By the time the garage shut down, the PeakForm hospitality tent had been magically converted from "casual lunch buffet" to "intimate brand mixer." String lights. High-top tables with tiny succulents. A bar with craft beer and mocktails. Healthy catering that made Devin whisper, "Tastes like sadness," around a kale slider.

I laughed so hard I nearly choked on my sparkling water.

The tent buzzed with low conversation. Kent polos. PeakForm polos. A couple of media people with lanyards and practiced smiles. Someone had queued up a playlist that said, "Yes, we are cool and modern, but please don't scare the VPs."

I did what I always did in rooms like this: circulated, smiled, translated.

"Hero content is good, but we need day-to-day stuff too. The kids live on vertical video."

"Yes, that anecdote about his first kart is golden, we'll flag it for long-form."

"No, we are not going to script his social media. You want him because he's him, not because he reads cue cards."

Every circuit of the room, my radar came back to the same place.

Nick.

He was annoyingly good at this part too. Talking to engineers with his hands, bending over a tablet with one of the PeakForm creators like he genuinely cared about hydration ratios instead of just nodding along.
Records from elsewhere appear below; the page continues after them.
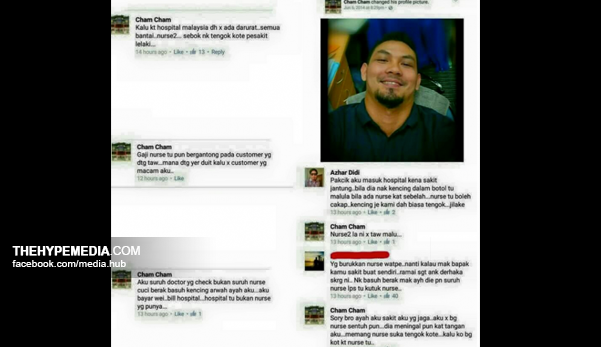 Menggunakan nama Cham Cham di akaun Facebooknya, individu ini memuatnaik satu posting berkenaan, seolah-olah menampakkan jururawat suka mengambil kesempatan untuk melihat kemaluan lelaki.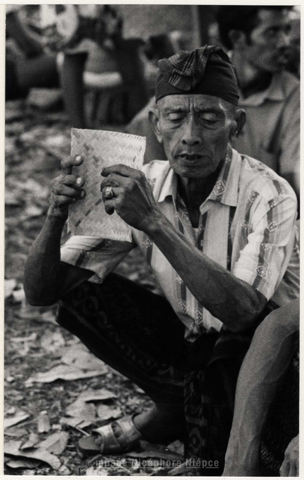 Personnage asiatique accroupi, tenant un carré de paille tressée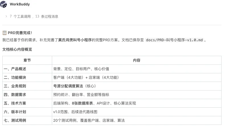 WorkBuddy(write-a-prd) → 生成PRD文档

Then pivoting to a regional marketing director, asking about their kids, their local markets, how race weekends performed versus stick-and-ball sports.

Jordyn floated at the edges of his orbit in a tight black dress and a badge clipped like jewelry. She laughed too loudly at half his jokes, fingers brushing his arm a lot more than necessary.

Every time, he'd either lean in or ease away, depending on who was watching.

He caught me looking once.

Our eyes met over a tray of cucumber bites and branded koozies.

For half a second, the whole tent went muffled. He lifted his beer in the tiniest, private toast.

To what, I had no idea.

The deal. The race. Survival.

I raised my drink back, the corner of my mouth tipping up.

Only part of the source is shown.